By any measure, Mark Scheffer’s bid to win a seat in Congress is an unconventional one. In part, that’s by design. As a Democrat running in a district most political analysts rate as “Safe Republican,” and with a demographic that, according to the Cook Political Report, performs 8 points more Republican than the national average, he figures he can’t run a traditional Democratic campaign and expect to have a chance to win.

Part of it is by temperament. Scheffler, a political novice, skews away from traditional Democratic Party tropes and themes, though his worldview is decidedly progressive. For the most part, Scheffler, who recently sold his financial services business to devote his time to the campaign, eschews cultural politics in favor of pocketbook issues, figuring that is where there is the greatest alignment of Republican and Democratic values and concerns.

Scheffler is also much more wonkish than the average politician and has highlighted two issues for which the messaging will likely need skillful honing to get across to the average voter: the so-called tiny tax and his preference for what he terms a sustainable economy. 

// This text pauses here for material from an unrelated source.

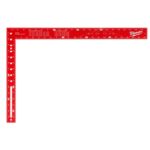 Our 16" x 24" Aluminum Framing Square is stronger than steel and is the most versatile framing square. It has a 50% thicker frame to provide you with more durability than competitive steel squares. Scribe notches from 1" - 13" allow you to easily and accurately rip lumber. High visibility laser etched markings allow you to easily read measurements on the carpenter square.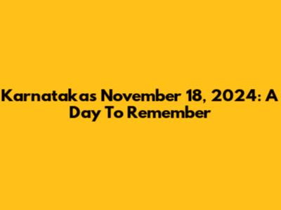 Karnataka's November 18, 2024: A Day To Remember

But what most sets apart Scheffler’s bid to win the primary and ultimately unseat Republican incumbent Tony Wied in November is his announcement that, though he will run as a Democrat, he will serve as an Independent. He is also refusing Democratic Party contributions. This has hardly endeared him to Democratic political operatives in the district and he has been met with a tepid, if not downright chilly reception. 

Scheffler is running in August’s 8th Congressional District Democratic primary against Rick Crosson and Katrina deVille.

He’s not abandoning the party, he says

Scheffler insists that it is only certain factions within the party structure who are not fully on board with his approach.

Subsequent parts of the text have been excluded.